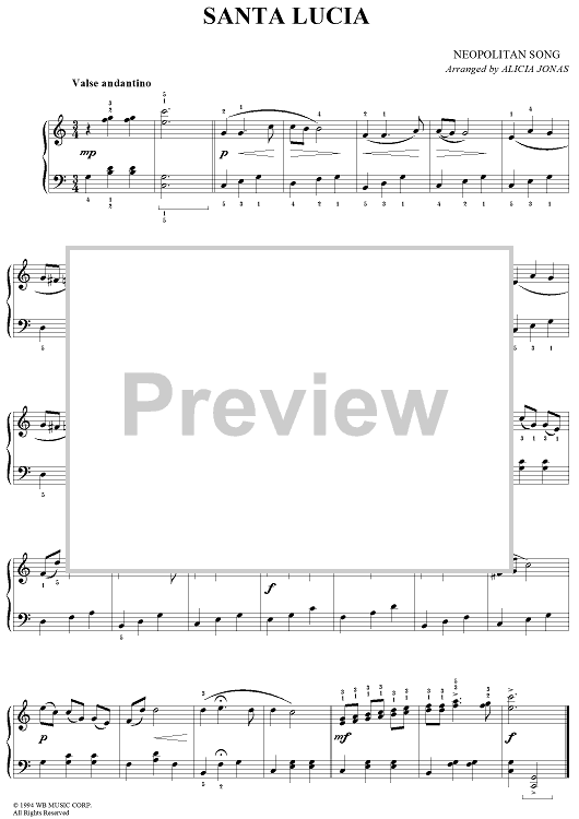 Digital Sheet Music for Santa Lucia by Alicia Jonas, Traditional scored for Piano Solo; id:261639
---
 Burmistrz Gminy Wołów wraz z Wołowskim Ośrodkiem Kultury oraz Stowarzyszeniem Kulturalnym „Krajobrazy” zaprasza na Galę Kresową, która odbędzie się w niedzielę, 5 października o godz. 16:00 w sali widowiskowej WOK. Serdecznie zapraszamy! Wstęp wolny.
--
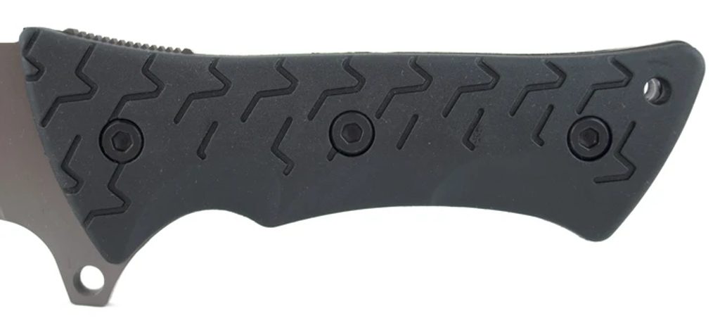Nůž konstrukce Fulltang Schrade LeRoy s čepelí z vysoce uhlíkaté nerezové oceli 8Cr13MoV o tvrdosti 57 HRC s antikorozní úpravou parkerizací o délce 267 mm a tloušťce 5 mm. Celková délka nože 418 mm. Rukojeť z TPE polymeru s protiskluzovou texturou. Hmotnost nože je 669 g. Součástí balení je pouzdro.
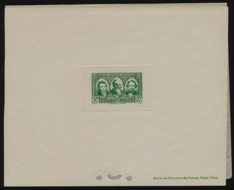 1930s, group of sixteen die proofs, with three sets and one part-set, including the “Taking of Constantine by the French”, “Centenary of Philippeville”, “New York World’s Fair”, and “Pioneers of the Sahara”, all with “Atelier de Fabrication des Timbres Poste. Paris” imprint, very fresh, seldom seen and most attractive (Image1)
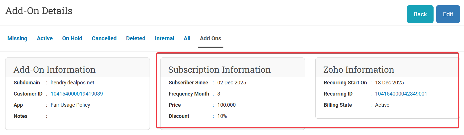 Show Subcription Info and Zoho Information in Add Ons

- _Task description_
Copy exactly, without pictures, the lines above from the one with "Nůž konstrukce Fulltang" down to the one with "Show Subcription Info", inclusive.

- _Answer area_
Nůž konstrukce Fulltang Schrade LeRoy s čepelí z vysoce uhlíkaté nerezové oceli 8Cr13MoV o tvrdosti 57 HRC s antikorozní úpravou parkerizací o délce 267 mm a tloušťce 5 mm. Celková délka nože 418 mm. Rukojeť z TPE polymeru s protiskluzovou texturou. Hmotnost nože je 669 g. Součástí balení je pouzdro.
 1930s, group of sixteen die proofs, with three sets and one part-set, including the “Taking of Constantine by the French”, “Centenary of Philippeville”, “New York World’s Fair”, and “Pioneers of the Sahara”, all with “Atelier de Fabrication des Timbres Poste. Paris” imprint, very fresh, seldom seen and most attractive (Image1)
 Show Subcription Info and Zoho Information in Add Ons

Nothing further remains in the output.